A continued increase in demand and an auction that surpassed expectations this summer is paving the way for another auction offering mid-band spectrum. The FCC is holding an open meeting on September 30th and will look to move forward with opening up more mid-band spectrum for auction.
This isn’t the first time the FCC has floated the idea. With so many companies looking to take advantage of mid-band spectrum, the U.S. government is continuing to work with balancing the need for spectrum in the private sector and its use by government entities. This is of particular importance due to its applications by the Department of Defense. Now that there seems to be an avenue that will support the use of the spectrum by all parties, the White House is urging the FCC to create the necessary rules so that an auction may be held in 2021.
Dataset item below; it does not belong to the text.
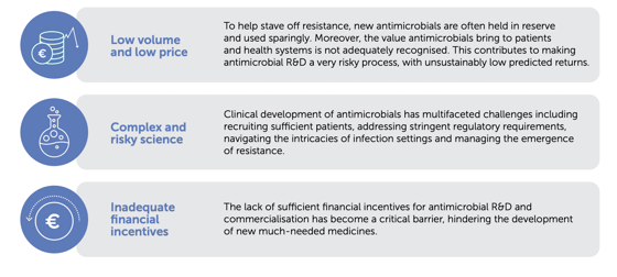 Despite the huge societal costs of AMR and the urgent need for antimicrobials, currently there is no viable market for new antimicrobials and pipelines are sparse.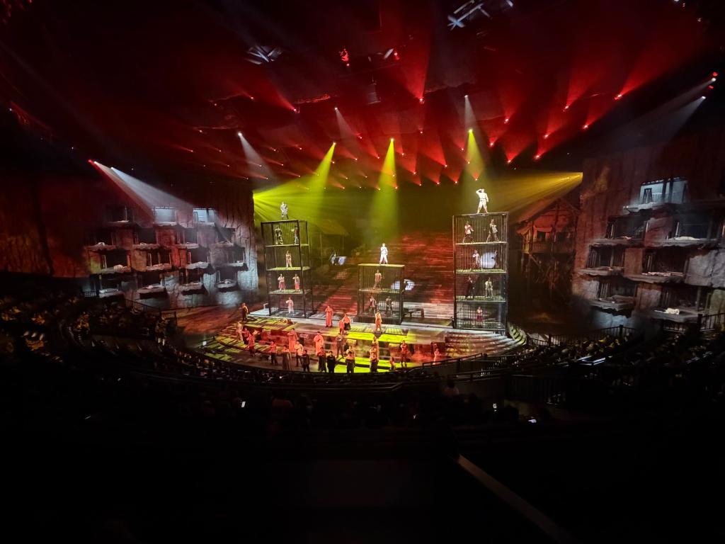 “《重慶·1949》打破代際隔閡,靠的是‘新意’。傳統(tǒng)紅色劇目受限于靜態(tài)舞臺,不易讓年輕人產(chǎn)生情感共鳴。這正是我們決心突破傳統(tǒng)模式的原因!敝貞c1949大劇院副總經(jīng)理周慧芳說,在科技助力下,該劇打造了獨特的“5環(huán)”旋轉(zhuǎn)舞臺,構(gòu)建出沉浸式劇場空間。隨著觀眾席與舞臺同步轉(zhuǎn)動,梯坎、碼頭、監(jiān)獄等場景無縫切換,重慶解放前夕的動人故事層層展開。

The commercial use of the 3.45-3.55 GHz band is what we will see on the table this fall. FCC Chairman Ajit Pai said in a statement, “We are moving forward quickly, in coordination with the Executive Branch, to ensure that this mid-band spectrum is available for commercial 5G deployment. This is another major step forward in advancing American leadership in 5G and producing benefits for America’s wireless consumers.” The meeting will also work to fulfill changes that came about December of 2019 by removing non-federal users from the 3.3-3.55 GHz band.
Overall, the FCC is looking to position 530 MHz of mid-band spectrum to fulfill demand as 5G networks and capabilities expand. The billions it raised from the CBRS auction this summer is setting the stage for a strong finish this December as the FCC prepares for its C-band auction. The auction will present bidders with the opportunity to purchase rights to 280 MHz in the 3.7-3.98 GHz band.
Noticeable shifts have been seen this year with how 5G can be used and who is participating. While AT&T was a no-show at this summer’s auction, John Deere and others raised eyebrows as bidders showing demand in unexpected places. Two growing factors for this expanded range comes from 5G’s fixed wireless applications and the Internet of Things (IoT).
Though DISH officially stepped into the world of wireless after purchasing Boost Mobile when Sprint merged with T-Mobile, the company has been collecting spectrum for quite some time with this summer being no exception. As privatized fixed wireless networks grow in demand, DISH is expected to play a big part in making this a reality. A notable shift in the world of IoT is observed as companies were purchasing small, yet expensive licenses for areas that are void of population. The idea is to use these licenses on machines rather than powering personal devices such as a smartphone or tablet. With future auctions on deck and the continued cooperation between government entities, the proposed auction next year is positioning itself to be a rounding success.